Your output should be everything below from the line containing "今日,比特大陆官网发布《有关" down to the line containing "Support the show", both ends included, copied exactly, with pictures left out.

Supplied records:
^^^^
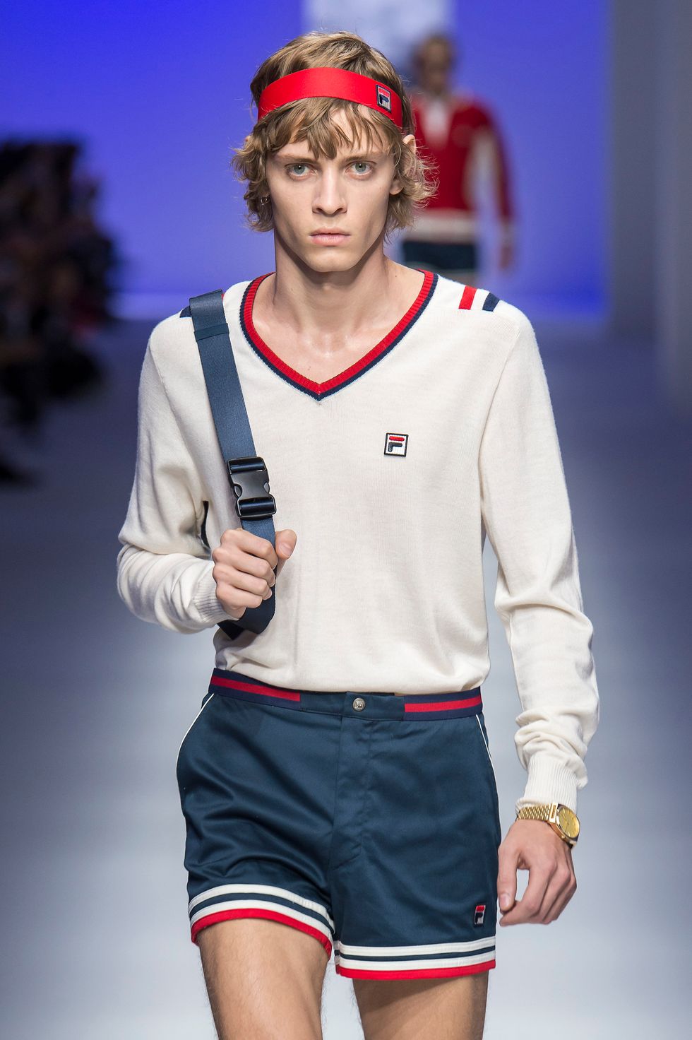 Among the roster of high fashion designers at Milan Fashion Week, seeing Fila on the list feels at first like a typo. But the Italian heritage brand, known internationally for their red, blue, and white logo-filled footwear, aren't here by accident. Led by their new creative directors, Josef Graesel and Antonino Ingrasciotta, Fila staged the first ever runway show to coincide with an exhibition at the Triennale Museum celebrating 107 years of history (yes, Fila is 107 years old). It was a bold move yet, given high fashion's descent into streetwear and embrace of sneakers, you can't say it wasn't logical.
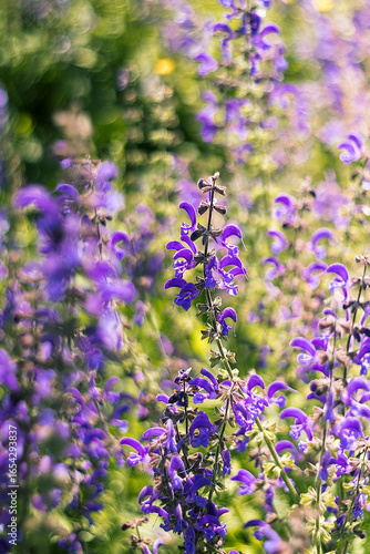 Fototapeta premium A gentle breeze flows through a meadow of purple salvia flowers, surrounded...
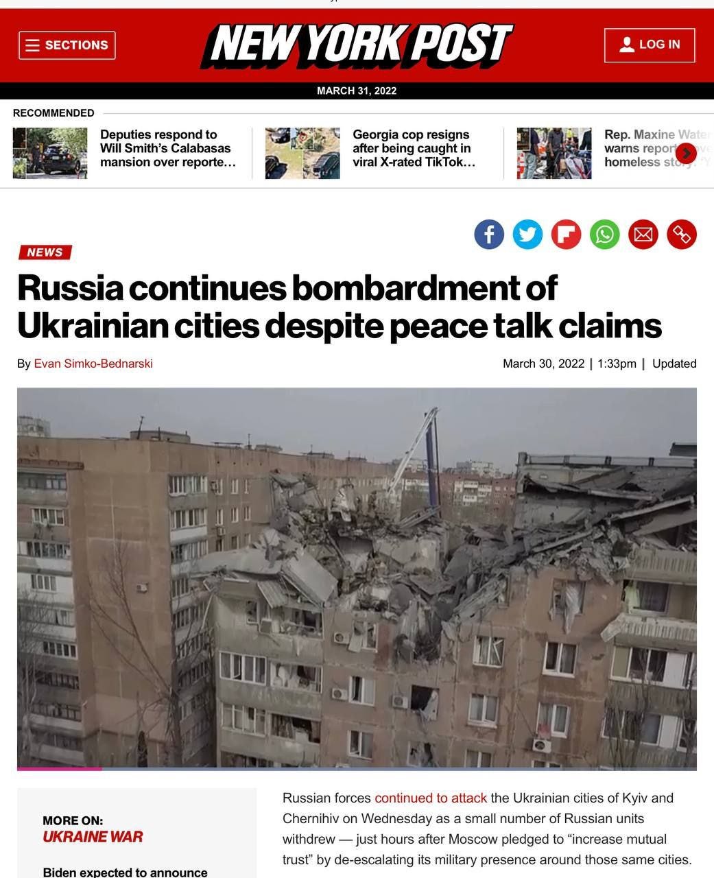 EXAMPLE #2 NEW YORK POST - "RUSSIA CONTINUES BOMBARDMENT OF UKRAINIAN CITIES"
^^^^
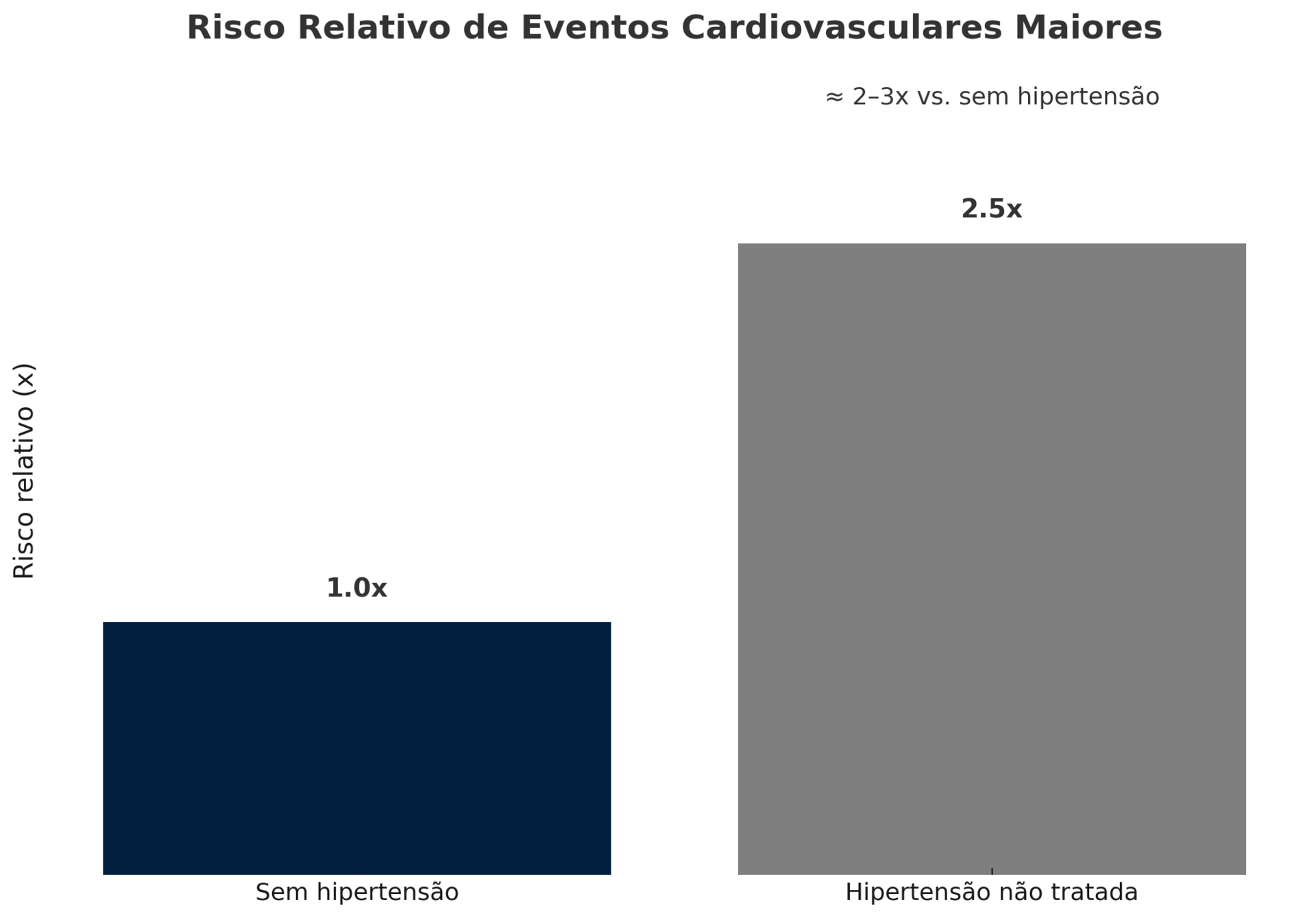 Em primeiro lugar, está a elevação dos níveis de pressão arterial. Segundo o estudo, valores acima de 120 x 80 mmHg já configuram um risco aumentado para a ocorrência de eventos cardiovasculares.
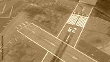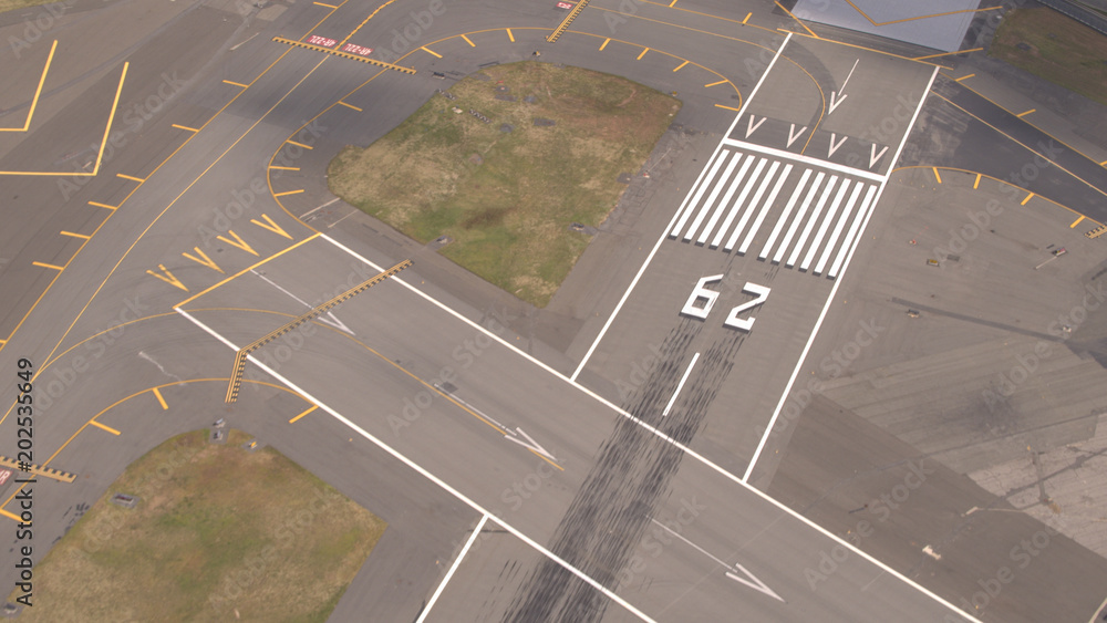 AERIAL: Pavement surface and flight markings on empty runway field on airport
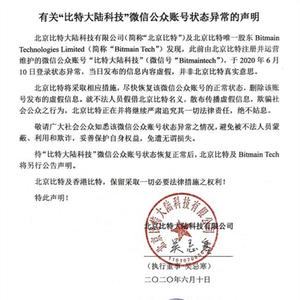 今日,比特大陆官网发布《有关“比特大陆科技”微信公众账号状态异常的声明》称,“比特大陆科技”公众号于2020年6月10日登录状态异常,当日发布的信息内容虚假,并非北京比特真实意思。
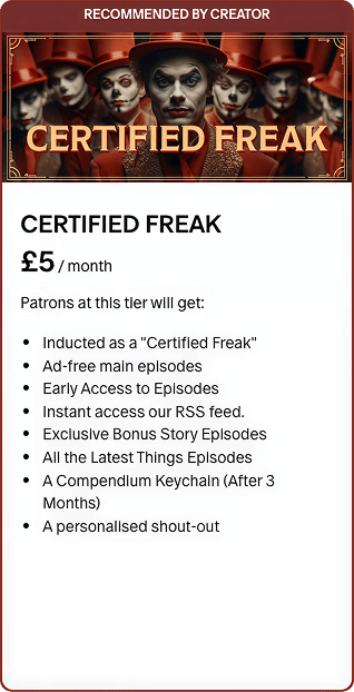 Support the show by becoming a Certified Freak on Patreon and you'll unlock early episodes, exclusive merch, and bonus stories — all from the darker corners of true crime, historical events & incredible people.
^^^^
Answer:
 今日,比特大陆官网发布《有关“比特大陆科技”微信公众账号状态异常的声明》称,“比特大陆科技”公众号于2020年6月10日登录状态异常,当日发布的信息内容虚假,并非北京比特真实意思。
 Support the show by becoming a Certified Freak on Patreon and you'll unlock early episodes, exclusive merch, and bonus stories — all from the darker corners of true crime, historical events & incredible people.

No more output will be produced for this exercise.